The Role of Poly(ADP-Ribose) Polymerase Activation in the Development of Myocardial and Endothelial Dysfunction in Diabetes
- Pal Pacher1,
- Lucas Liaudet2,
- Francisco Garcia Soriano2,
- Jon G. Mabley1,
- Éva Szabó1 and
- Csaba Szabó12
- 1Inotek Corporation, Beverly, Massachusetts
- 2Department of Surgery, New Jersey Medical School, University of Medicine and Dentistry New Jersey, Newark, New Jersey
Patients with diabetes exhibit a high incidence of diabetic cardiomyopathy and vascular complications, which underlie the development of retinopathy, nephropathy, and neuropathy and increase the risk of hypertension, stroke, and myocardial infarction. There is emerging evidence that the activation of the nuclear enzyme poly(ADP-ribose) polymerase (PARP) importantly contributes to the development of endothelial dysfunction in a streptozotocin-induced model of diabetes. We investigated the role of PARP activation in the pathogenesis of cardiac dysfunction in streptozotocin-induced and genetic (nonobese diabetic) models of diabetes in rats and mice. Development of diabetes was accompanied by hyperglycemia, cardiac PARP activation, a selective loss of endothelium-dependent vasodilation in the thoracic aorta, and an early diastolic dysfunction of the heart. Treatment with a novel potent phenanthridinone-based PARP inhibitor, PJ34, starting 1 week after the onset of diabetes, restored normal vascular responsiveness and significantly improved cardiac dysfunction, despite the persistence of severe hyperglycemia. The beneficial effect of PARP inhibition persisted even after several weeks of discontinuation of the treatment. Thus, PARP activation plays a central role in the pathogenesis of diabetic cardiovascular (cardiac as well as endothelial) dysfunction. PARP inhibitors may exert beneficial effects against the development of cardiovascular complications in diabetes.

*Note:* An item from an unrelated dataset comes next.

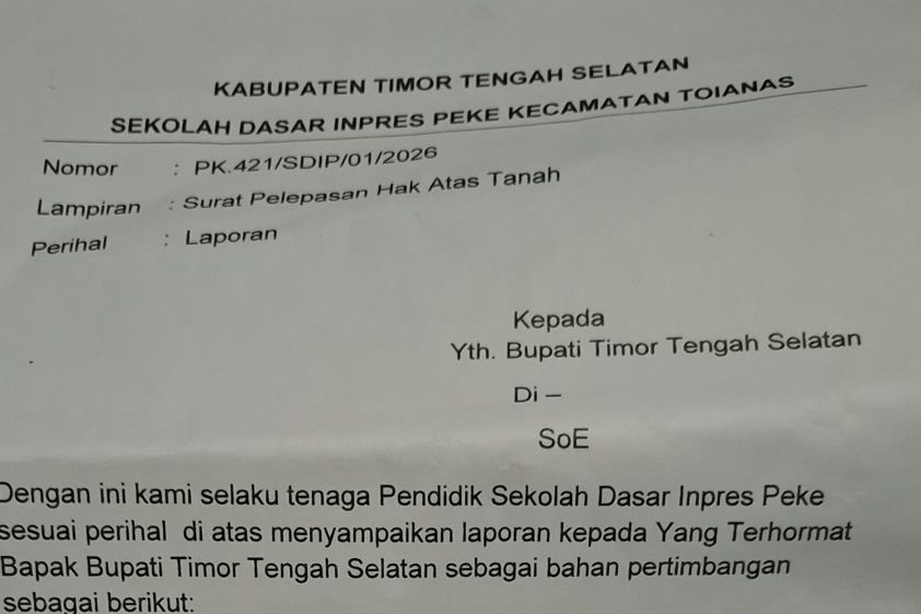 Kepala SD Inpres Peke, Terianus Tafuli, secara resmi melayangkan surat kepada Bupati TTS terkait dugaan perubahan fungsi lahan tersebut. Surat bernomor PK 421/SDIP/01/2026 tertanggal 7 Januari 2026 itu juga ditembuskan kepada Ketua DPRD Kabupaten TTS, Kepala Dinas Pendidikan dan Kebudayaan, Kepala Dinas Perindagkop, Kepala Badan Kesbangpol, serta Kepala Badan Pengelola Keuangan dan Aset Daerah (BPKAD) Kabupaten TTS.
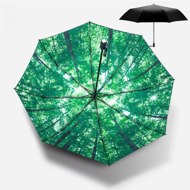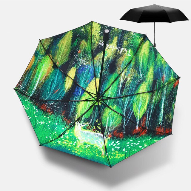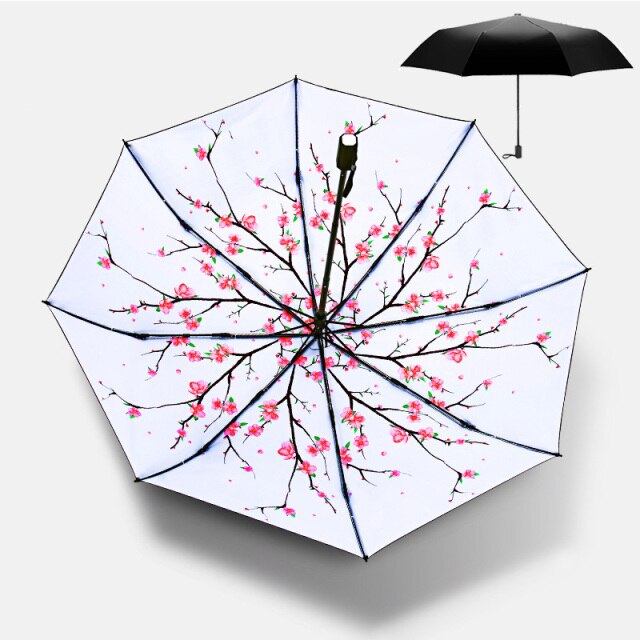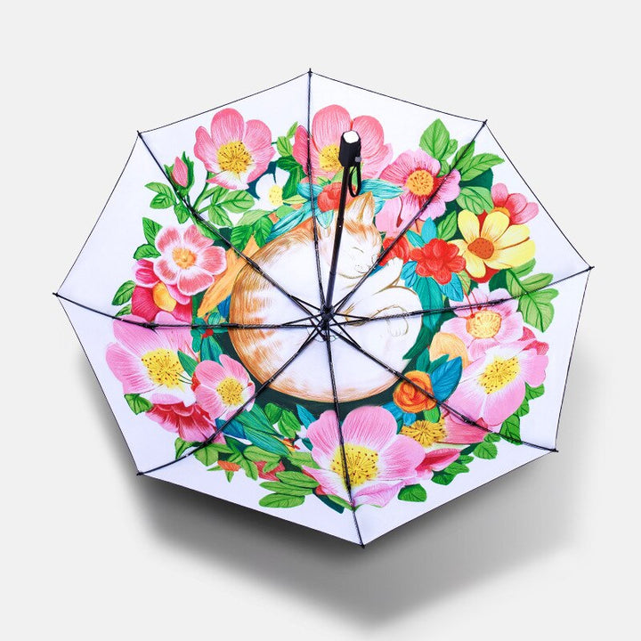 Colorful Art Illustration Cartoon Cat in Flower Sun Rain Umbrellas For Women 3 Folding Thickening 8 Rib Sunshade Umbrella

Address correspondence and reprint requests to Csaba Szabó, Inotek Corporation, Suite 419E, 100 Cummings Center, Beverly, MA 01915. E-mail:.
Received for publication 17 July 2001 and accepted in revised form 1 November 2001.
P.P., J.G.M., E.S., and C.S. are employed by Inotek, which develops poly(ADP-ribose) polymerase inhibitors for the treatment of diabetes and other diseases. C.S. is a board member of and holds stock in Inotek.
ABC, avidin-biotin-peroxidase complex; DAB, diaminobenzidine; +dP/dt, systolic pressure increment; −dP/dt, systolic pressure decrement; PARP, poly(ADP-ribose) polymerase; STZ, streptozotocin.